Which begs the question… what capabilities? Well, organisations that focus like an eagle know precisely the capabilities to assess each candidate against, because they are the ones that align to their strategic imperatives.

If your organisation needs to become more collaborative, recruit collaborative people. If it needs to become more innovative, recruit innovative people. And if it needs to become more digitally literate, recruit digitally literate people.

This approach may seem too obvious to mention, yet I dare you to examine your organisation’s current recruitment practices.

Onboarding

Onboarding is one of those pies that everyone wants to stick their fingers into, but nobody wants to own. Yet it is crucial for setting up the new recruit for success.

From an organisational capability perspective, a gold-plated opportunity arises during this phase in the employee’s lifecycle to draw their attention to the capability framework and the riches therein. The new recruit is motivated, keen to prove themselves, and hungry to learn.
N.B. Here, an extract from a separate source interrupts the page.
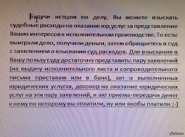 Представьте ненадолго, что вам пришлось судиться. Дело достаточно верное, юристы попались хорошие, спустя полгода вы выиграли, еще через месяц решение суда вступило в законную силу. Обошлось вам все удовольствие в 7000 рублей пошлины для любимого государства и 18000 рублей юристам. 7000 пошлины суд еще в решении взыскал с ответчика, теперь встает вопрос о том, чтобы взыскать и сумму, которую вы потратили на юридические услуги.

Highlight the resources that are available to them to develop their capabilities now. This is important because the first few weeks of their experience in the organisation colours their remaining tenure.
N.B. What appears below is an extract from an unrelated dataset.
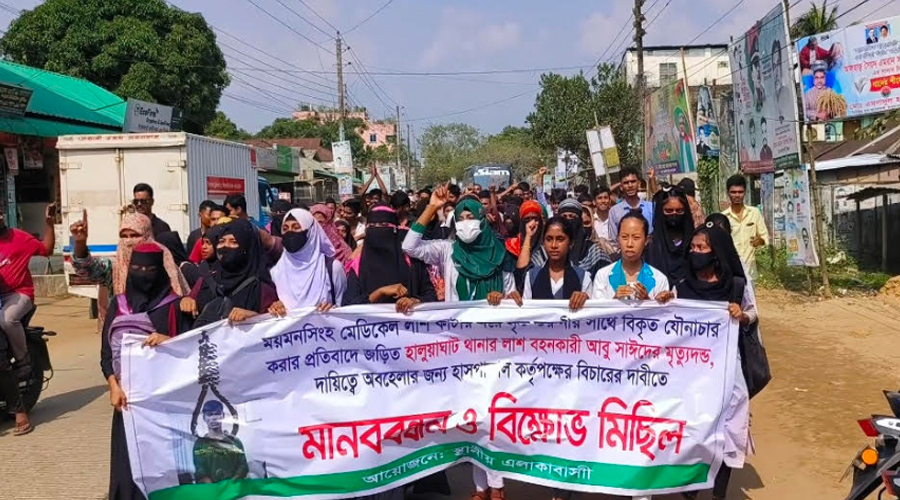 ময়মনসিংহের হালুয়াঘাটে, ময়মনসিংহ মেডিক্যাল কলেজ হাসপাতালের মর্গে এক মৃত তরুণীর সঙ্গে বিকৃত যৌনাচারের প্রতিবাদে হালুয়াঘাটে মানববন্ধন ও বিক্ষোভ মিছিল করেছেন শিক্ষার্থীরা। বৃহস্পতিবার (২৩ অক্টোবর) দুপুরে উপজেলার কেন্দ্রীয় শহীদ মিনারে এ মানববন্ধন অনুষ্ঠিত হয়।

Ensure they start their journey the way you’d like them to continue it: productively.

Performance

Capability powers performance, so the capability framework is a tool you can use to improve all four subparts of Performance in the 4+4 Part Employee Lifecycle.

Performance Management

Effective performance management complements development planning to provide the employee with guidance on improving said performance.

When seen through the lens of the capability framework, an employee’s performance appraisal can identify meaningful development opportunities. Performance weak spots may be (at least partly) attributable to gaps in specific capabilities; while a strengths-based approach might also be adopted, whereby an already strong capability is enhanced to drive higher performance.

To inform these decisions with data, I’d be keen to correlate capability assessments against individual performances and observe the relationship between the variables over time.

Development

It’s all very well to have a poetic capability framework, but if learning opportunities aren’t mapped to it, then its value is inherently limited.

If the framework’s capabilities align to leadership stages, I suggest the following question be put to the user: Do you want to excel in your current role or prepare for your next role?

Not only does this question focus the user’s development goal, it also identifies the relevant leadership stage so the capabilities can be presented in the right context.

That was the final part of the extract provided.